_YOUR INSTRUCTIONS_: Each line of the data below goes into the copy exactly; pictures do not.

_DATA_:
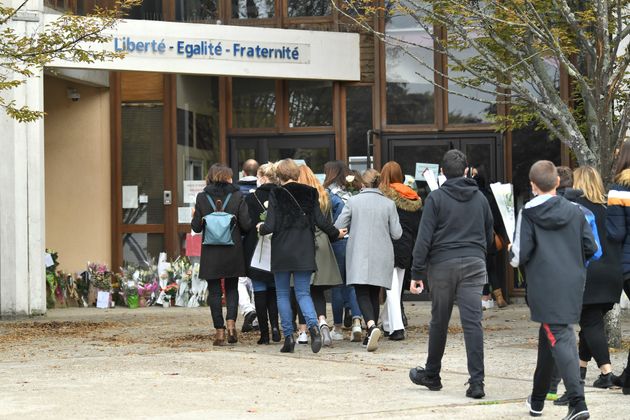 Quelques roses, déposées samedi matin devant l’entrée du collège du Bois d’Aulne, témoignent de l’émotion des parents d’élèves au lendemain de la décapitation d’un professeur d’histoire à Conflans-Sainte-Honorine (Yvelines) par un homme d’origine tchétchène – un « attentat islamiste caractérisé », selon les mots d’Emmanuel Macron.
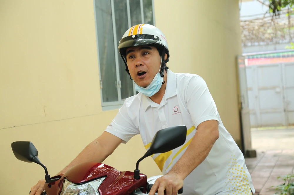 MC Quyền Linh trực tiếp mang một chiếc xe máy tới tặng cho nữ hộ sinh Vũ Thị Chinh. Ảnh: BEE
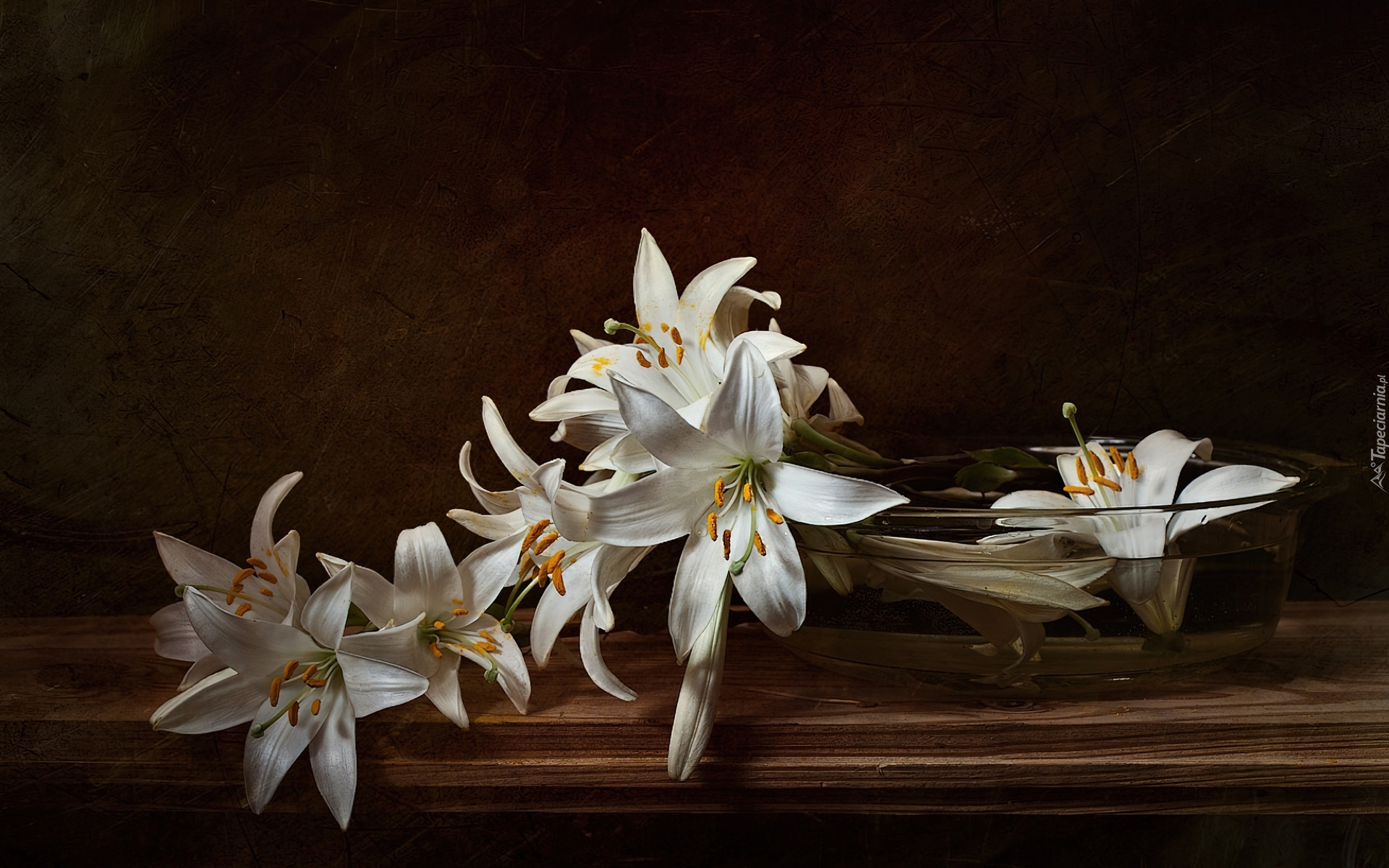 Edytor tapety: Stół, Białe, Lilie

_TASK OUTPUT_:
 Quelques roses, déposées samedi matin devant l’entrée du collège du Bois d’Aulne, témoignent de l’émotion des parents d’élèves au lendemain de la décapitation d’un professeur d’histoire à Conflans-Sainte-Honorine (Yvelines) par un homme d’origine tchétchène – un « attentat islamiste caractérisé », selon les mots d’Emmanuel Macron.
 MC Quyền Linh trực tiếp mang một chiếc xe máy tới tặng cho nữ hộ sinh Vũ Thị Chinh. Ảnh: BEE
 Edytor tapety: Stół, Białe, Lilie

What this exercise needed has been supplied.